Discussion:
HAProxy bytes in/bytes out stats are not updated
Sergey Arlashin
2018-11-18 14:23:23 UTC
Permalink
Hi!

We have a TCP service that is load-balanced with HAProxy. It works pretty well, however the stats page doesn't seem to report correct traffic statistics. Even though we have data transferred all the time, stats show the same amount of bytes in/out.

Our traffic if mainly long running TCP sessions that once are established, remain in ESTABLISHED state for a very long time. Probably it is somehow related?

Can anyone please help me sole this issue?

Thank you!

Regards,
Sergey
Willy Tarreau
2018-11-18 17:47:31 UTC
Permalink
Hi Sergey,
Post by Sergey Arlashin
Hi!
We have a TCP service that is load-balanced with HAProxy. It works pretty
well, however the stats page doesn't seem to report correct traffic
statistics. Even though we have data transferred all the time, stats show the
same amount of bytes in/out.
Our traffic if mainly long running TCP sessions that once are established,
remain in ESTABLISHED state for a very long time. Probably it is somehow
related?
Can anyone please help me sole this issue?
Stats are usually updated only at session termination. There is "option
contstats" to allow such counters to be updated upon each transfer, but
starting around 1.3.16 or so, it became less effective since it's only
performed at the upper layers while direct forwarding automatically
happens at much lower layers. With this said, with this option, an
update will be performed at least once every 2 GB, which I admit is
already not often enough for most use cases, but it's only a side effect
of the fact that we don't schedule more than 2 GB to be forwarded at once.

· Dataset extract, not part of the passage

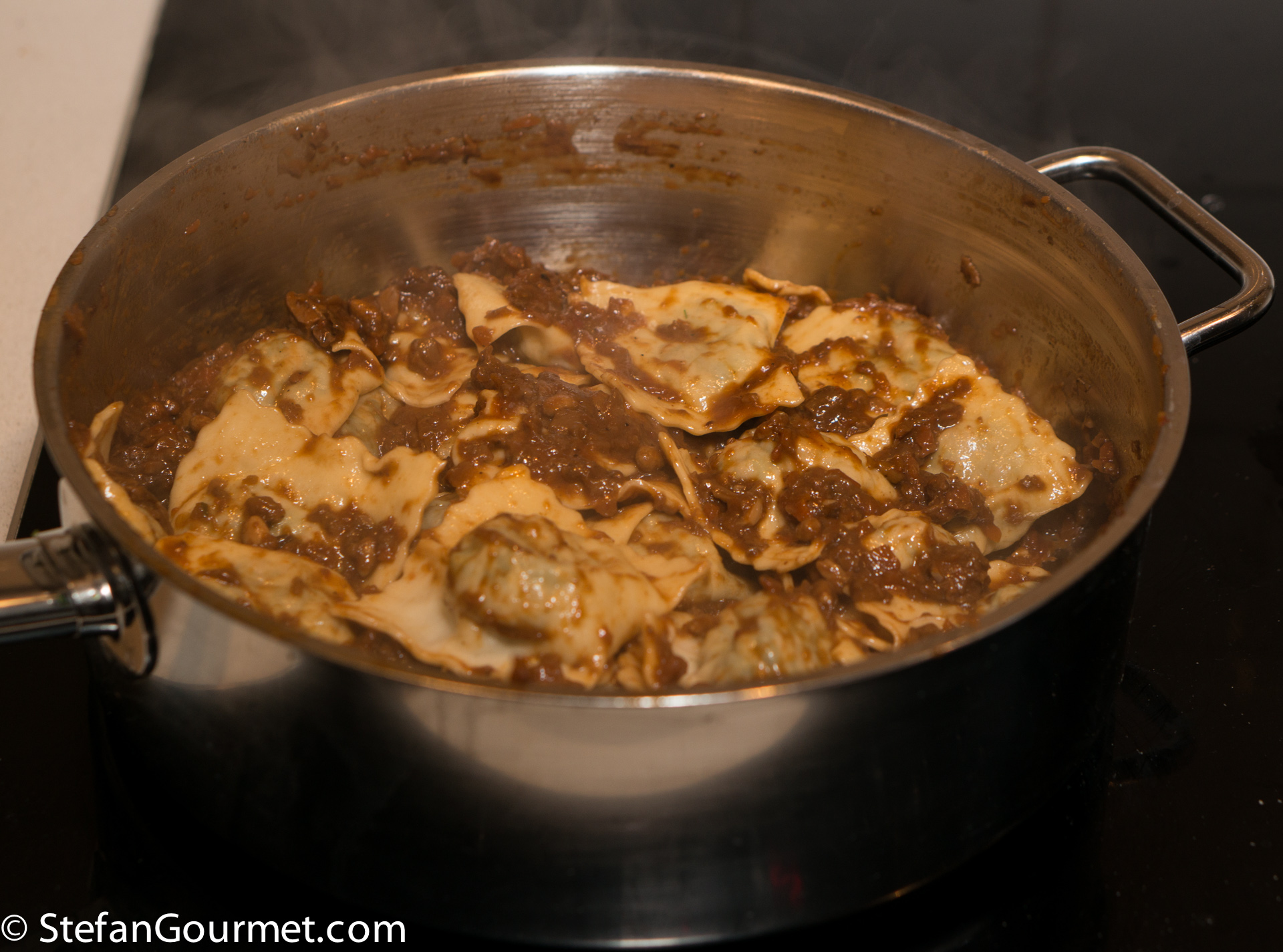 Gently reheat the sugo and bring a large pot of water to a boil. When the water boils, add salt and the ravioli.

At the moment I don't know what could be done to force these counters to
be updated more often. I suspect that it would be possible to implement
a dummy filter to force this to happen, which could possibly be a nice
option instead of a one-size-fits-all, but I'm not certain about this.

If anyone else has an idea, I'm interested as well :-)

Willy
Sergey Arlashin
2018-11-20 14:35:14 UTC
Permalink
Hi Willy,

Thank you for the answer. I checked contstats and I see it is actually working. HAProxy - 1.8.1.
Even small requests are reflected in the traffic stats.


Regards,
Sergey
Post by Willy Tarreau
Hi Sergey,
Post by Sergey Arlashin
Hi!
We have a TCP service that is load-balanced with HAProxy. It works pretty
well, however the stats page doesn't seem to report correct traffic
statistics. Even though we have data transferred all the time, stats show the
same amount of bytes in/out.
Our traffic if mainly long running TCP sessions that once are established,
remain in ESTABLISHED state for a very long time. Probably it is somehow
related?
Can anyone please help me sole this issue?
Stats are usually updated only at session termination. There is "option
contstats" to allow such counters to be updated upon each transfer, but
starting around 1.3.16 or so, it became less effective since it's only
performed at the upper layers while direct forwarding automatically
happens at much lower layers. With this said, with this option, an
update will be performed at least once every 2 GB, which I admit is
already not often enough for most use cases, but it's only a side effect
of the fact that we don't schedule more than 2 GB to be forwarded at once.
At the moment I don't know what could be done to force these counters to
be updated more often. I suspect that it would be possible to implement
a dummy filter to force this to happen, which could possibly be a nice
option instead of a one-size-fits-all, but I'm not certain about this.
If anyone else has an idea, I'm interested as well :-)
Willy
Willy Tarreau
2018-11-20 14:51:46 UTC
Permalink
Post by Sergey Arlashin
Hi Willy,
Thank you for the answer. I checked contstats and I see it is actually working. HAProxy - 1.8.1.
Even small requests are reflected in the traffic stats.
Ah you're right, I completely forgot I addressed this two years ago
with this commit :

commit def0d22cc54229072a8abb6a850e6805208790f5
Author: Willy Tarreau <***@1wt.eu>
Date: Tue Nov 8 22:03:00 2016 +0100

MINOR: stream: make option contstats usable again

Quite a lot of people have been complaining about option contstats not
working correctly anymore since about 1.4. The reason was that one reason
for the significant performance boost between 1.3 and 1.4 was the ability
to forward data between a server and a client without waking up the stream
manager. And we couldn't afford to force sessions to constantly wake it
up given that most of the people interested in contstats are also those
interested in high performance transmission.
(...)

It now forces the streams to wake up at least every 5 seconds to update
the counters. It's even documented for the option. Be careful that with a
large number of concurrent connections (hundreds of thousands) it can cause
an increase of CPU usage even when the connections are idle, just because
each of them will wake up every 5 seconds. But usually it's not a problem
if you're facing issues with jumps in stats.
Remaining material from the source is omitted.